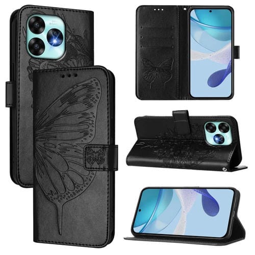 Funda de Cuero para Teléfono Umidigi A15 A15C A15T con Mariposa En Relieve (Negra)
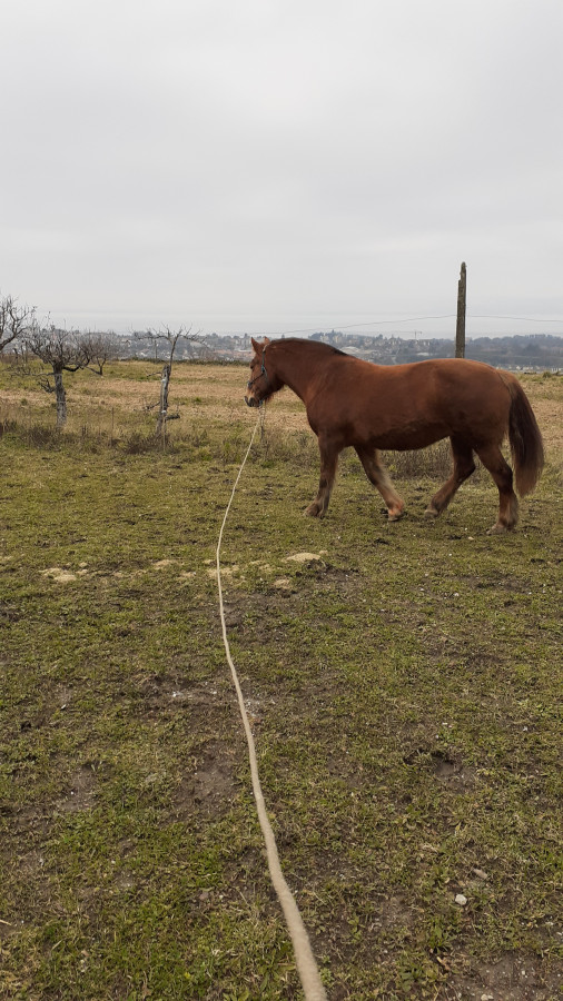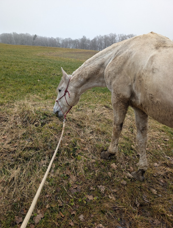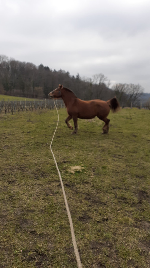 + 1.9 km en longe après une séance en longe dans la carrière en herbe ( pour voir un peu comment elle bouge à des allures autre que le pas .)
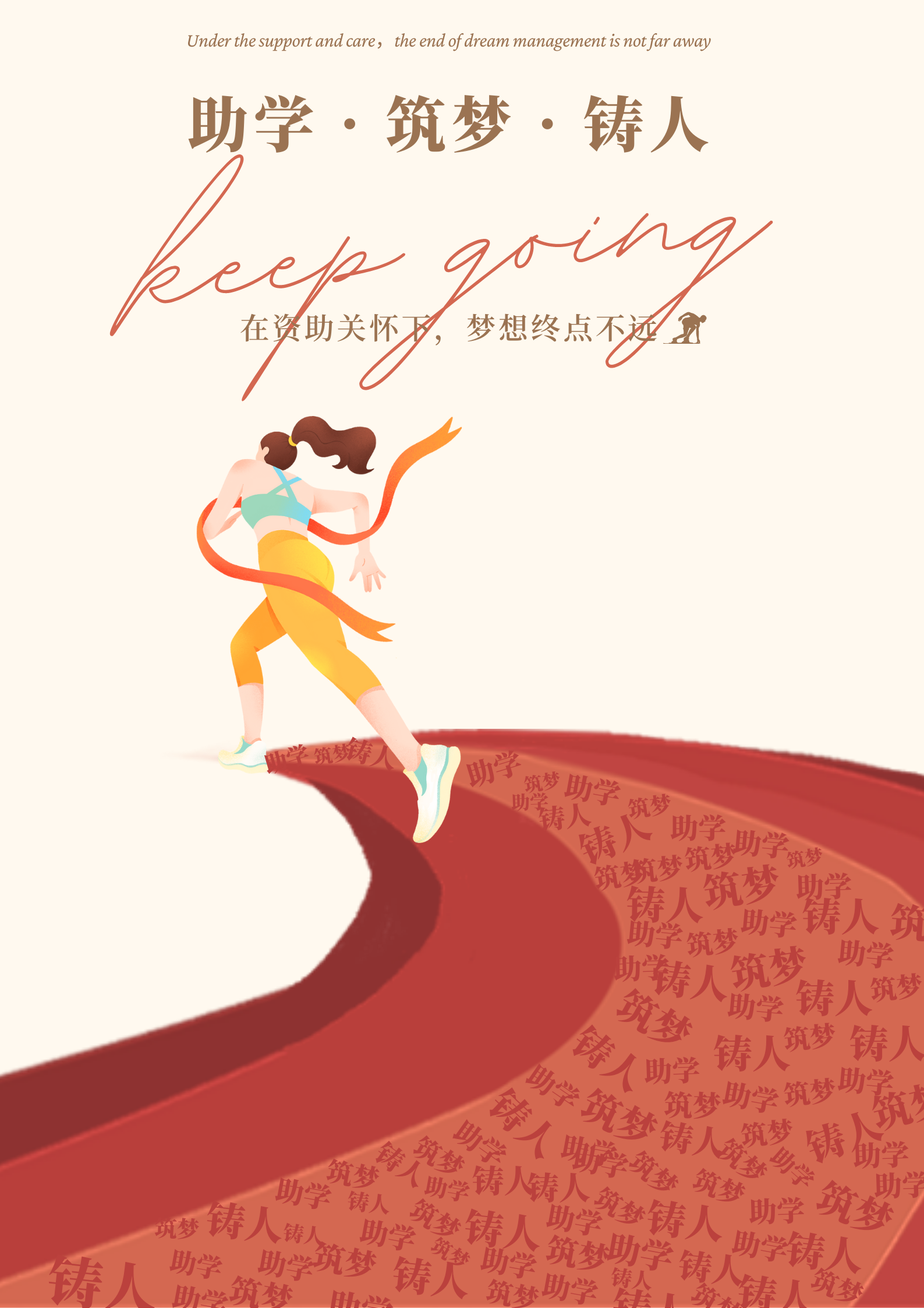 作品简介:海报以蓝天、草地、跑道为主要背景元素,象征充满青春活力的校园环境。海报中的四个青年,或在运动挥洒汗水,或在弹奏吉他,或在阅读书籍,共同闪耀青春光芒。而在校园生活多姿多彩、青春梦想纵情飞扬的背后,正是国家资助政策的支持与助力。

---*---

WORK TASK: The data above should be repeated in full and exactly, with no pictures carried over.

EXPECTED ANSWER:
 Funda de Cuero para Teléfono Umidigi A15 A15C A15T con Mariposa En Relieve (Negra)
 + 1.9 km en longe après une séance en longe dans la carrière en herbe ( pour voir un peu comment elle bouge à des allures autre que le pas .)
 作品简介:海报以蓝天、草地、跑道为主要背景元素,象征充满青春活力的校园环境。海报中的四个青年,或在运动挥洒汗水,或在弹奏吉他,或在阅读书籍,共同闪耀青春光芒。而在校园生活多姿多彩、青春梦想纵情飞扬的背后,正是国家资助政策的支持与助力。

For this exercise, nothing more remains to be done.